Output the data below exactly as it is, dropping the pictures from your copy.

** Opening GIVEN DATA block **

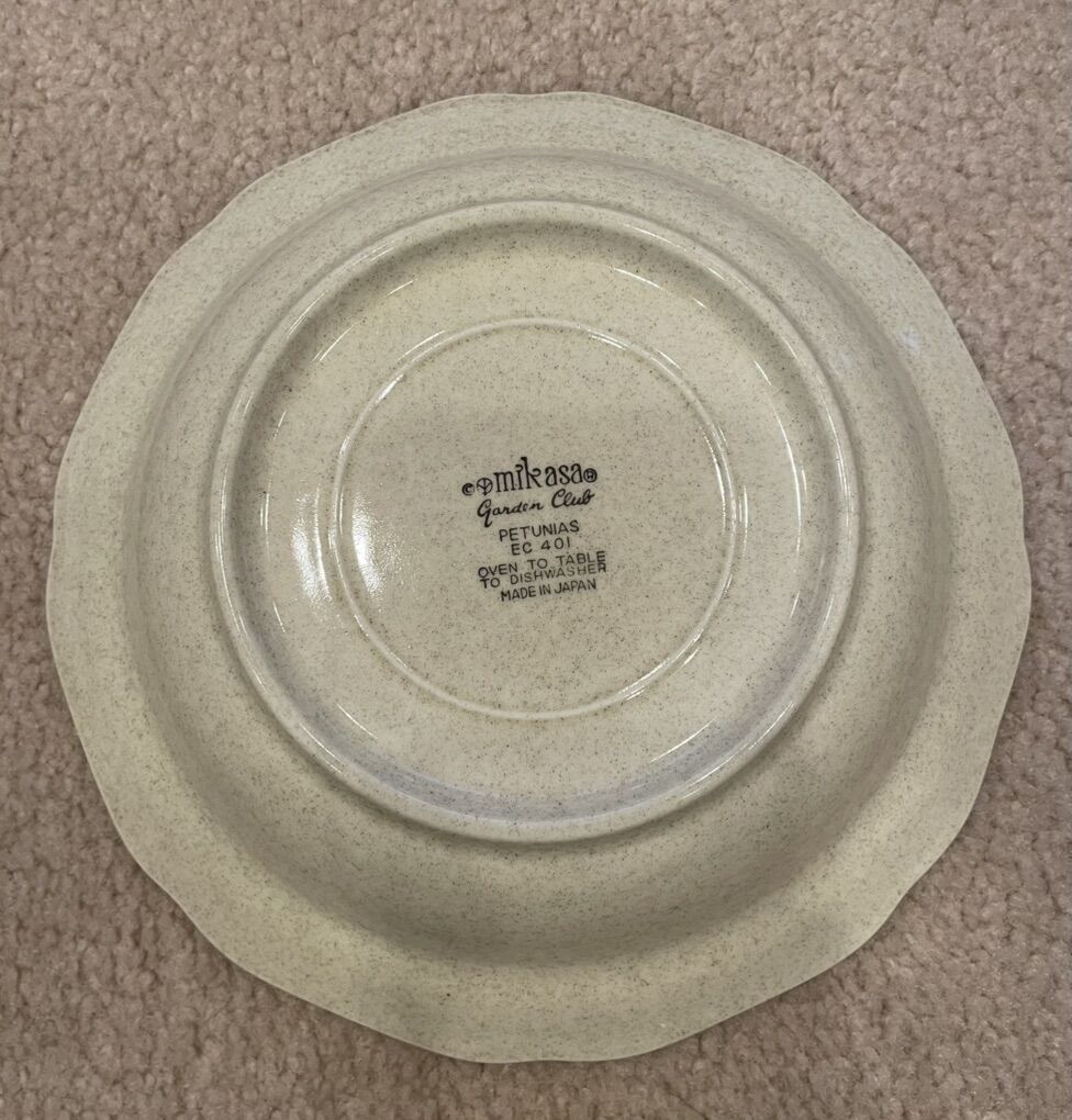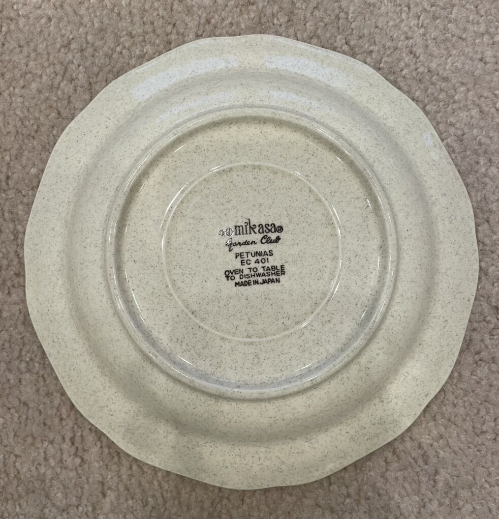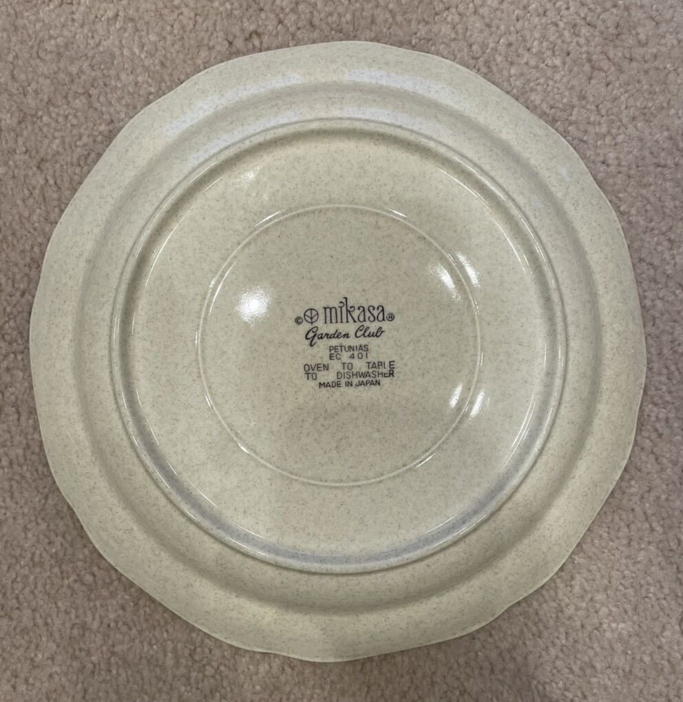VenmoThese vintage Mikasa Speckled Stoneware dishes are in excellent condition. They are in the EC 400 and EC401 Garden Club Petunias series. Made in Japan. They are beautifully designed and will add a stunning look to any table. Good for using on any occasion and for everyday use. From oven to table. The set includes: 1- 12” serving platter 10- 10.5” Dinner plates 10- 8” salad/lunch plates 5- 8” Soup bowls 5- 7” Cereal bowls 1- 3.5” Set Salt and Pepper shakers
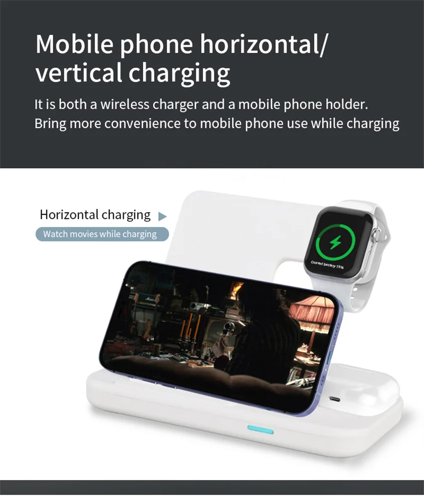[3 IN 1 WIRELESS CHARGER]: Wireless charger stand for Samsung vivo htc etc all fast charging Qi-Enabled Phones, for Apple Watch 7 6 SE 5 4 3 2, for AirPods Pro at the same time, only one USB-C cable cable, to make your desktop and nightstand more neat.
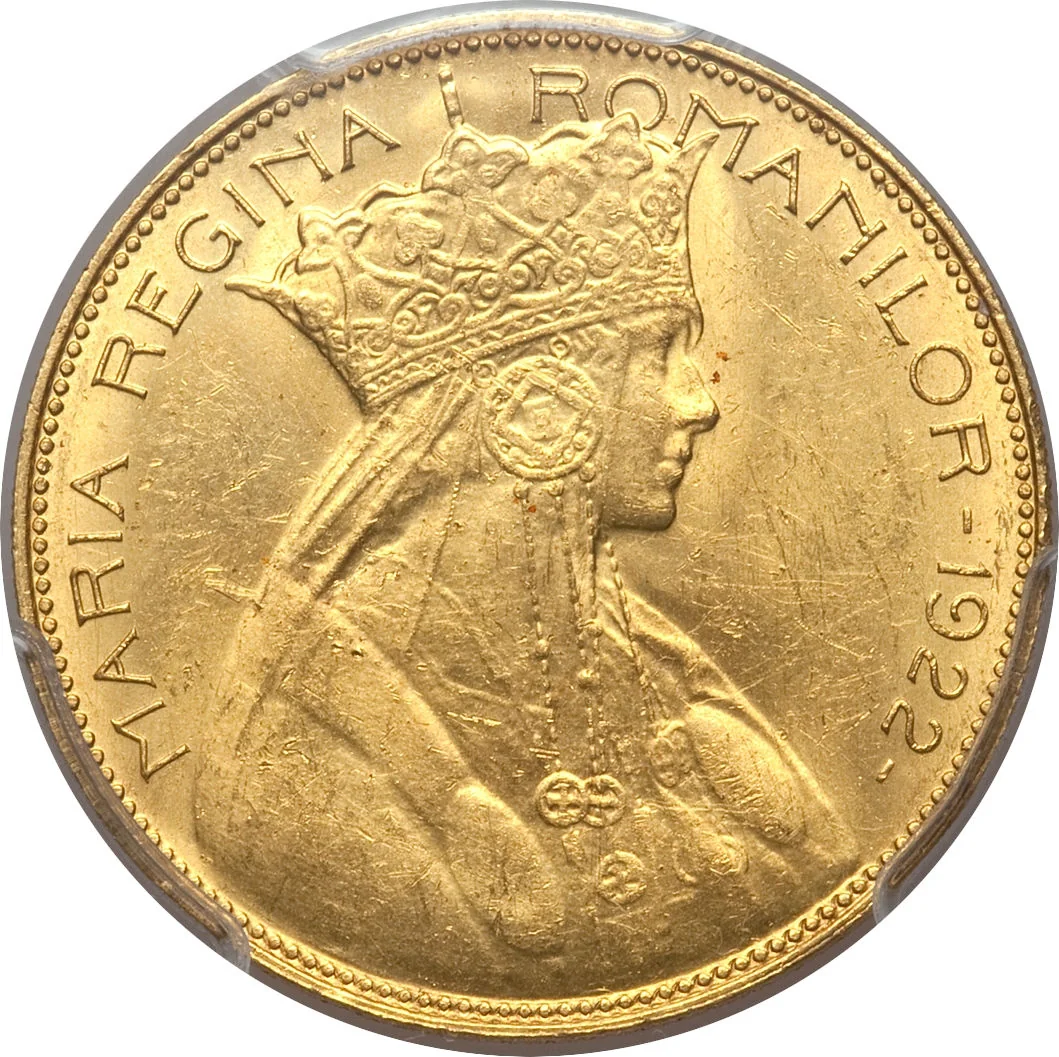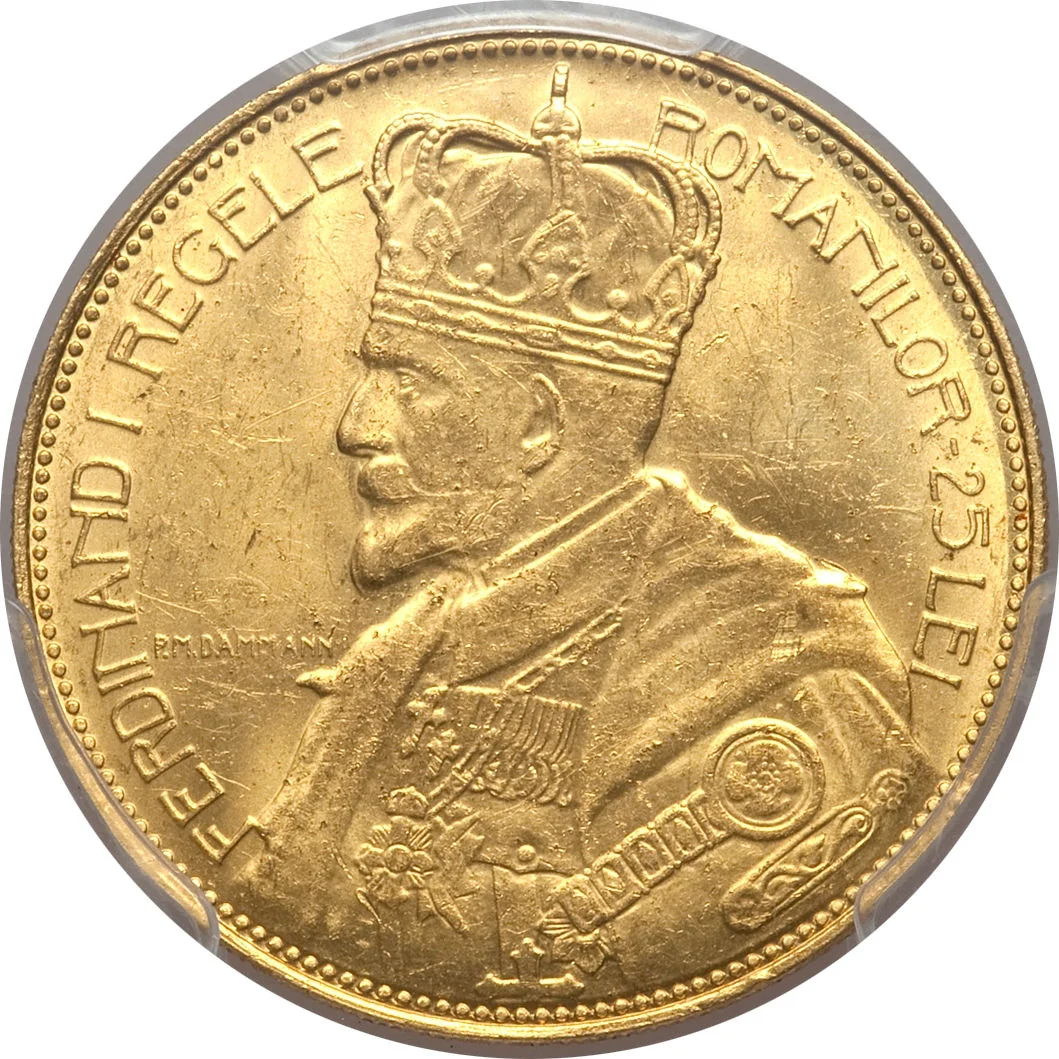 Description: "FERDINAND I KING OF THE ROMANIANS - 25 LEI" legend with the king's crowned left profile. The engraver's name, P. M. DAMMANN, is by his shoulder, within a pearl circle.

** Closing GIVEN DATA block **

** EXPECTED OUTPUT **
VenmoThese vintage Mikasa Speckled Stoneware dishes are in excellent condition. They are in the EC 400 and EC401 Garden Club Petunias series. Made in Japan. They are beautifully designed and will add a stunning look to any table. Good for using on any occasion and for everyday use. From oven to table. The set includes: 1- 12” serving platter 10- 10.5” Dinner plates 10- 8” salad/lunch plates 5- 8” Soup bowls 5- 7” Cereal bowls 1- 3.5” Set Salt and Pepper shakers
[3 IN 1 WIRELESS CHARGER]: Wireless charger stand for Samsung vivo htc etc all fast charging Qi-Enabled Phones, for Apple Watch 7 6 SE 5 4 3 2, for AirPods Pro at the same time, only one USB-C cable cable, to make your desktop and nightstand more neat.
 Description: "FERDINAND I KING OF THE ROMANIANS - 25 LEI" legend with the king's crowned left profile. The engraver's name, P. M. DAMMANN, is by his shoulder, within a pearl circle.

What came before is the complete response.